NOTE: This tutorial is no longer maintained, may contain non-running code, and has been superseded by a newer version located at http://probmods.org

By Noah D. Goodman, Joshua B. Tenenbaum, Timothy J. O'Donnell, and the Church Working Group[1].[2]

(This tutorial is based on the ESSLLI Tutorial, created by Goodman, Tenenbaum, and O'Donnell.)

What is thought? How can we describe the intelligent inferences made in everyday human reasoning and learning? How can we engineer intelligent machines? The computational theory of mind aims to answer these questions starting from the hypothesis that the mind is a computer, mental representations are computer programs, and thinking is a computational process—running a computer program.

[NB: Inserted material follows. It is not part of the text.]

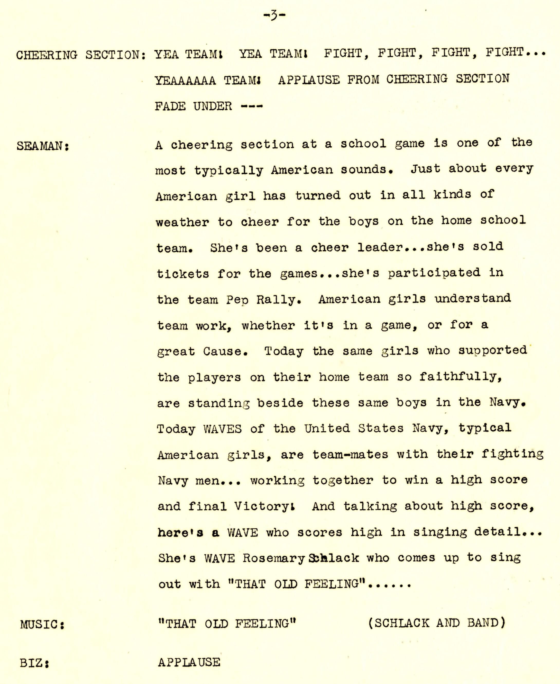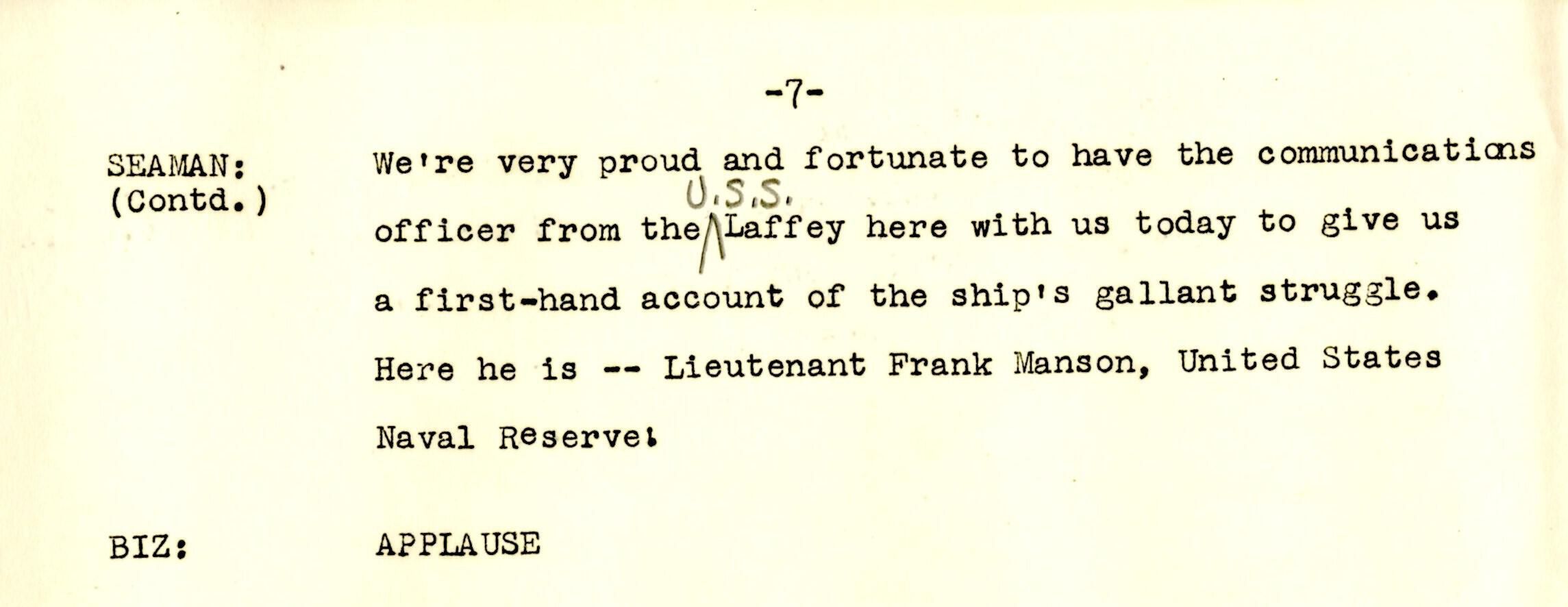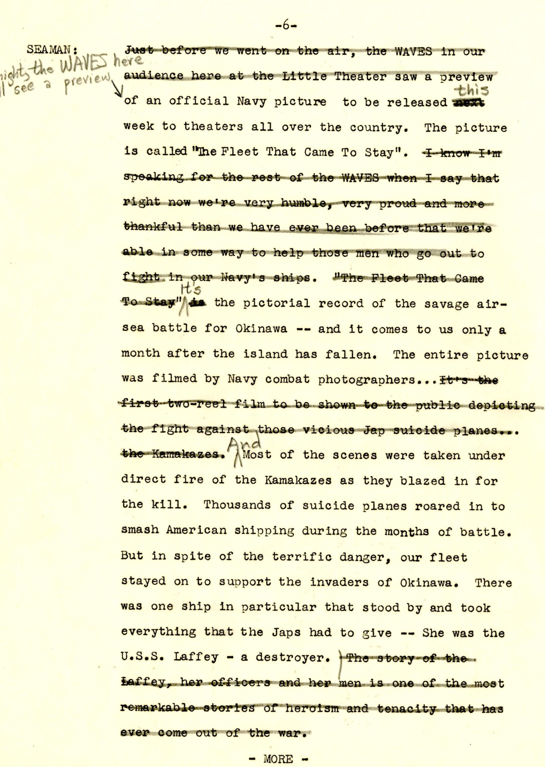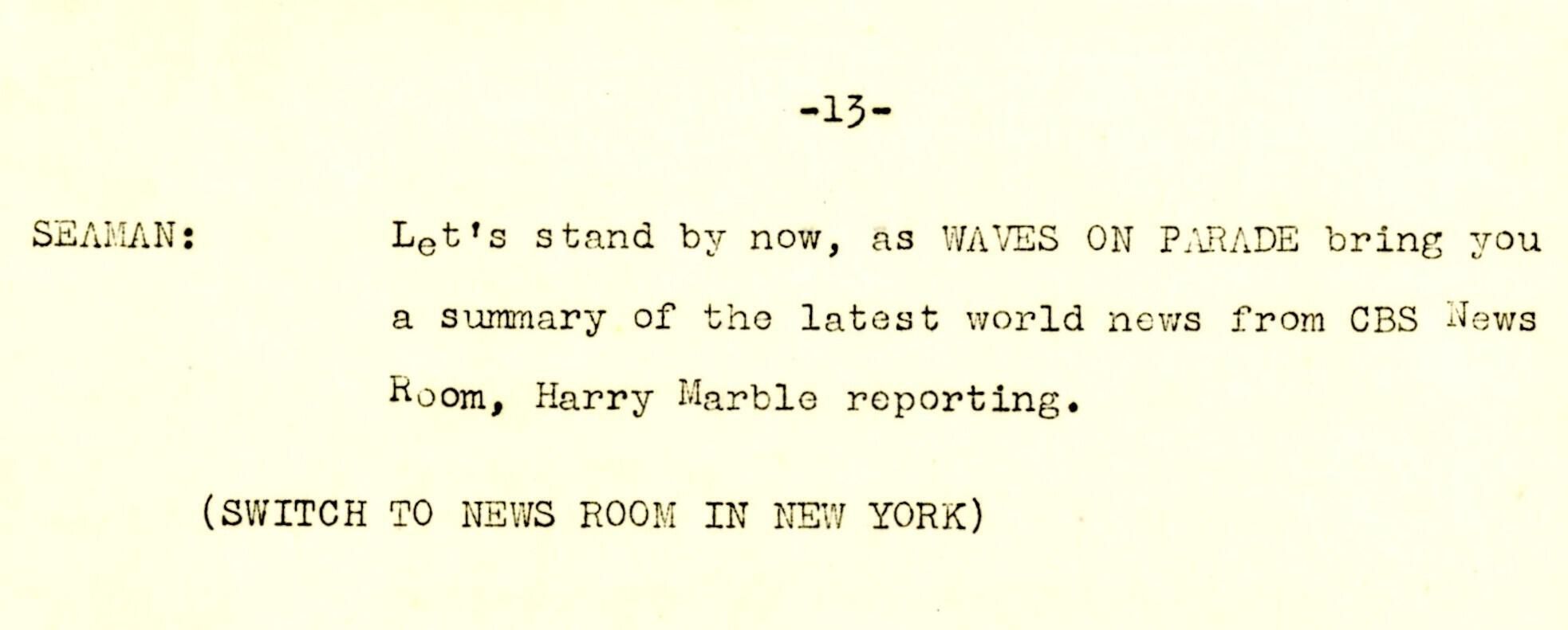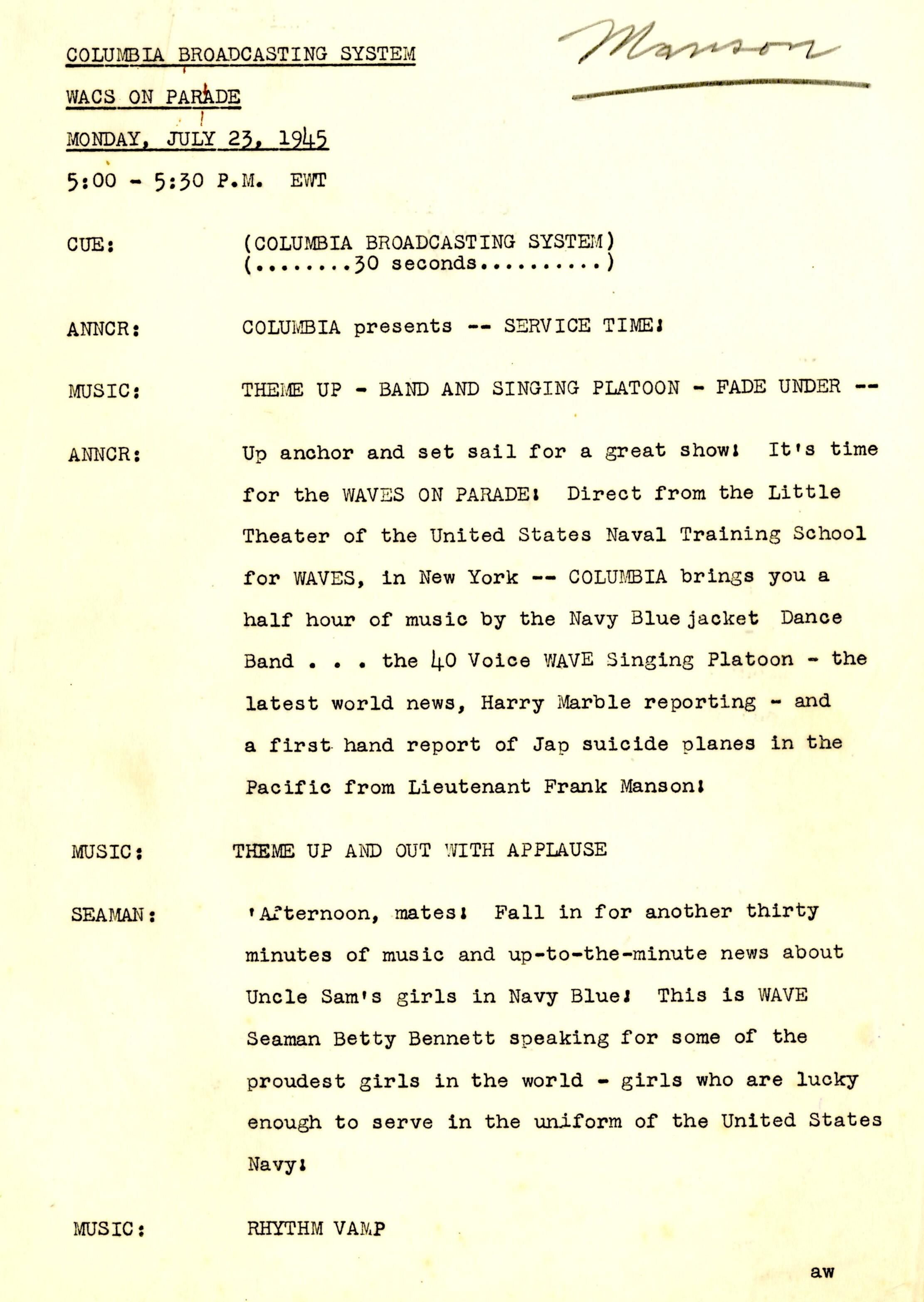A 14-page script produced for Columbia Broadcasting System (CBS) at the Little Theater of the United States Training School, Woman's Reserve New York City for the wartime program 'WAVES on Parade.' This musical variety show featured Frank Manson recounting the USS Laffey's ordeal off Okinawa. The program was broadcast on the Columbia Broadcasting System on Monday, July 23, 1945, from 5:00-5:30 pm Eastern War Time (EWT).Context

But what kind of program? A natural assumption is that this program take the inputs—percepts from the senses, facts from memory, etc—and compute the outputs—the intelligent behaviors. Thus the mental representations that lead to thinking are functions from inputs to outputs. However, this input-output view suffers from a combinatorial explosion: we must posit an input-output program for each task in which humans draw intelligent inferences. A different approach is to assume that mental representations are more like theories: pieces of knowledge that can support many inferences in many different situations. For instance, Newton's theory of motion makes predictions about infinitely many different configurations of objects and can be used to reason both forward in time and from the consequences of an interaction to the initial state. The generative approach posits that mental representations are more like theories in this way: they capture more general descriptions of how the world works—hence, the programs of the mind are models of the world that can be used to make many inferences. [3]

A generative model describes a process, usually one by which observable data is generated. Generative models represent knowledge about the causal structure of the world—simplified, "working models" of a domain. These models may then be used to answer many different questions, by conditional inference. This contrasts to a more procedural or mechanistic approach in which knowledge represents the input-output mapping for a particular question directly. While such generative models often describe how we think the "actual world" works, there are many cases where it is useful to have a generative model even if there is no "fact of the matter". A prime example of the latter is in linguistics, where generative models of grammar can usefully describe the possible sentences in a language by describing a process for constructing sentences.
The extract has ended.